Hogaru CEO Matteo Cera is on a Mission to Create 100,000 Jobs

4 September 2017

Company: Hogaru
CEO: Matteo Cera
Investors: Velum Ventures, Y Combinator, Wayra Colombia, the accelerator of Telefonica Open Future_, & Angel Investors

After participating in Y Combinator, Hogaru, a subscription cleaning service for small businesses in Colombia, is consolidating operations in Colombia, where it already operates at profitability, and eyes potential expansion markets.

In this interview with Hogaru co-founder and CEO Matteo Cera, we learn:

  • Hogaru has created 500 full-time jobs in its first year, and looks at employment (over contracting) as a way to bring dignity to domestic labor.
  • This model has advantages in Latin America over the US, including high urban population density, cheaper cost to acquire new clients, and a larger addressable population of cleaning professionals.
  • Y Combinator was a game-changing experience in terms of establishing a network of mentors and getting access to US investors.

LAVCA: How did you start Hogaru?

Matteo Cera: I was a banker, and then a consultant for McKinsey when the financial crisis hit Europe in 2008. There were no projects to work on, so we would just stay in the office and do nothing. Latin America, on the other hand, was looking for a lot of consultants. I flew down in 2010 to do a couple of projects, and stayed in Bogotá until 2013 with McKinsey.

At the time, I had no idea what a startup was. Most of the CEOs I was consulting for were people who had actually built a business from scratch. In Latin America, there are examples of empires that were built in one or two generations because there is no competition in some verticals. And I hadn’t built anything; I was just a bigshot consultant with some “impostor syndrome.”

I spent about six months helping the founding team at Polymath Ventures launch in Bogotá before we parted ways. I called another ex-McKinsey consultant, Gonzalo Ucar Rodriguez, who had been daydreaming with about leaving McKinsey and starting something, and he joined me in Bogotá.

It took us a few months months to decide what to focus on. We both were banking guys, so we were interested in fintech and transportation. We saw a lot of services marketplaces were coming up that were connecting demand and offer with services. And unlike US services marketplaces, in Colombia, services are cheap.  People of the middle class are used to have cleaners and cooks and gardeners, whereas they strive for the iPhone. It’s somewhat opposite in the US, where people have iPhones and Macs, but having a nanny is considered a luxury.
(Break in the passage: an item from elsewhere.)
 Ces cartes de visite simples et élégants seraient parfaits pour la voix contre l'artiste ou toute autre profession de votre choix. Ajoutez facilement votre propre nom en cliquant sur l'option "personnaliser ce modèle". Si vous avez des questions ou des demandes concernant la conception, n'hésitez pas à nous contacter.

We saw a lot of services marketplaces were coming up that were connecting demand and offer with services. And unlike US services marketplaces, in Colombia, services are cheap.
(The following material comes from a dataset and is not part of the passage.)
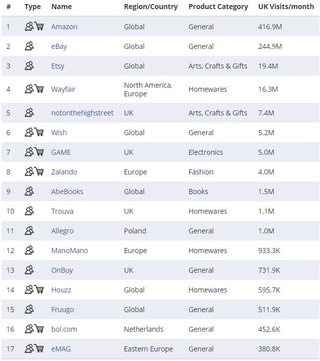英国也是世界上电子商务最发达的市场之一,网上销售额占英国零售总额的19%。这远远领先于美国(美国的在线零售占总销售额的比例不到12%)。欧洲的电商市场可是说是百家争鸣,星罗棋布,前有Allegro“闪电攻陷”波兰,后有bol.com“再次统一”荷兰和比利时,除了出没在全球市场的亚马逊和eBay,活跃在欧洲境内的电商平台尤为显著的特点就是,以国家原点,“割据势力范围”,大部分的本土电商能够辐射的范围仅限邻国和共享历史渊源的周边国家,以上这些共性,在英国也可以看到。亚马逊和eBay在英国都设有站点,eBay在美国“大势已去”但万年老二的位置在英国坐得稳妥许多,Wish、Etsy等全球上线的电商在英国也有不俗的市场流量,另外还有一些在欧洲其他国家极度活跃但在英国存在感不强以及英国本土电商平台的盘点。

At the time, not even Yellow Pages had a webpage in Colombia, so we decided to focus on building a services marketplace. Our first prototype tried to replicate what TaskRabbit and Homejoy were doing. Almost immediately, it was a lose-lose situation. If we somebody and it ended up well, the client would likely snatch the service provider from the platform. If the match was bad, we had an issue.

That’s when we meet Oscar Peña, our co-founder and CTO. Oscar is such a good data architect and software developer. He was sponsored by the government to study robotics in Japan when he was a teenager, and spent the next ten years working on robots—before robots were cool, by the way. I feel honored and humbled that I was able to convince him to join us. He is the only Colombian on the team.  And he was the real entrepreneur between the three of us, because he was the only one that tried to do something before.
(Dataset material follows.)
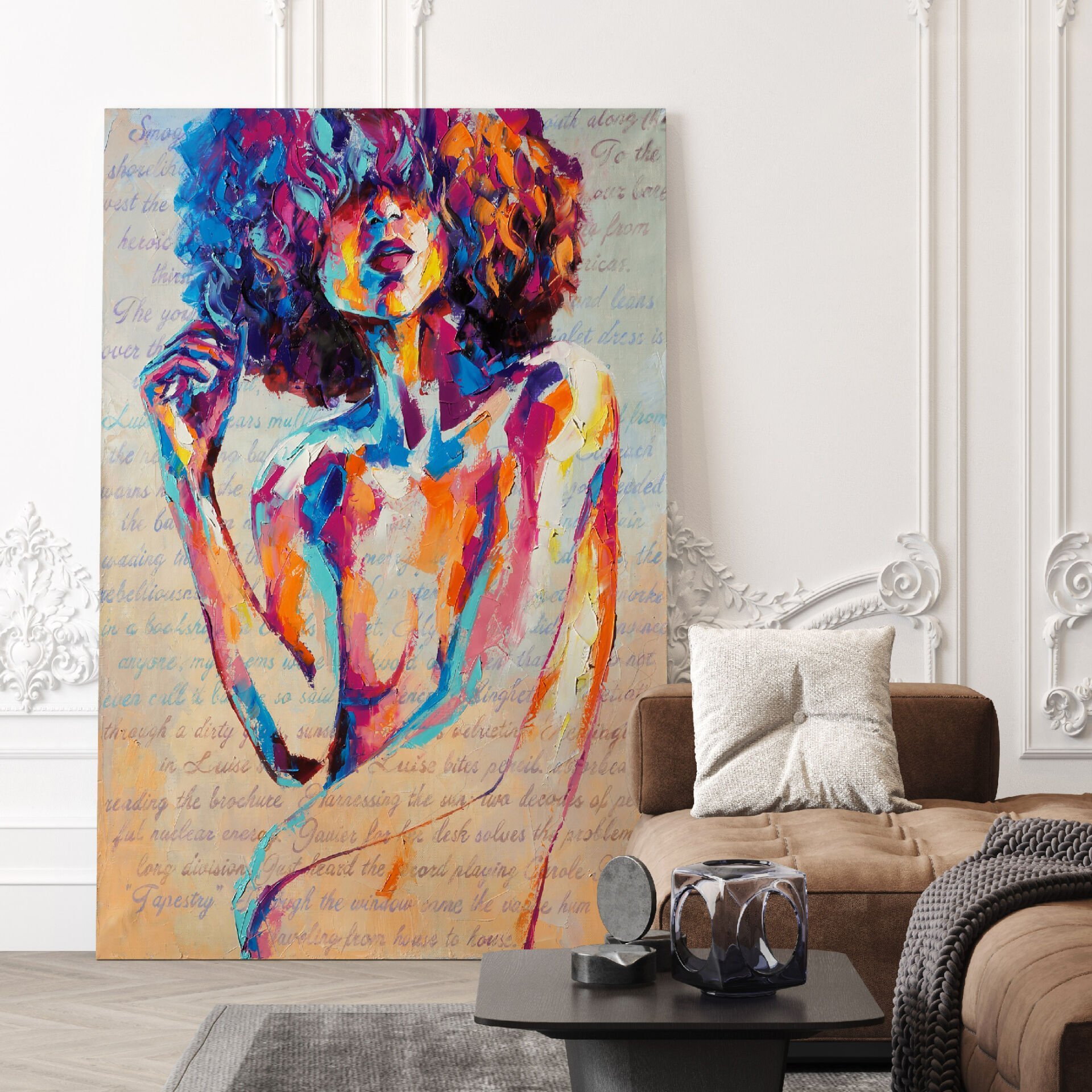 Soyut Renkli Saçlı Soyut Dekoratif Kadın Kanvas Tablo

LAVCA: How are you funded?

Matteo Cera: We applied to Wayra Colombia and got in in April of 2014; that was our first US$50k. Carlos Castañeda, who runs Wayra Colombia, was very supportive of us. He is one of the pillars of the Colombian entrepreneurial system. He spends enormous time just knowing people, matching people, helping people. It’s amazing.

We raised another US$60k or so from angels, and about US$300k from Velum Ventures. Then we got into Y Combinator with their standard deal (which is about a 7% equity stake for US$120k).

The first month of Y Combinator, we were net profitable for the first time. We won’t stay that way, but it’s good to at least have gotten here, because most of the time, you hear about startups that were negative for 20 years. I’m sure that it makes sense for some investors, but in Latin America, it’s harder to justify that kind of burn.

LAVCA: How do you pitch a Colombian startup to Americans?

Matteo Cera: I try to educate them in some things that I believe are useful for them to better understand why our model can work. For example, most foreign investors do not know how dense Latin American cities are: There are 120 million people in the top twenty cities, compared to 30 million in the top 20 American cities. In other words, Latin American cities are four times denser.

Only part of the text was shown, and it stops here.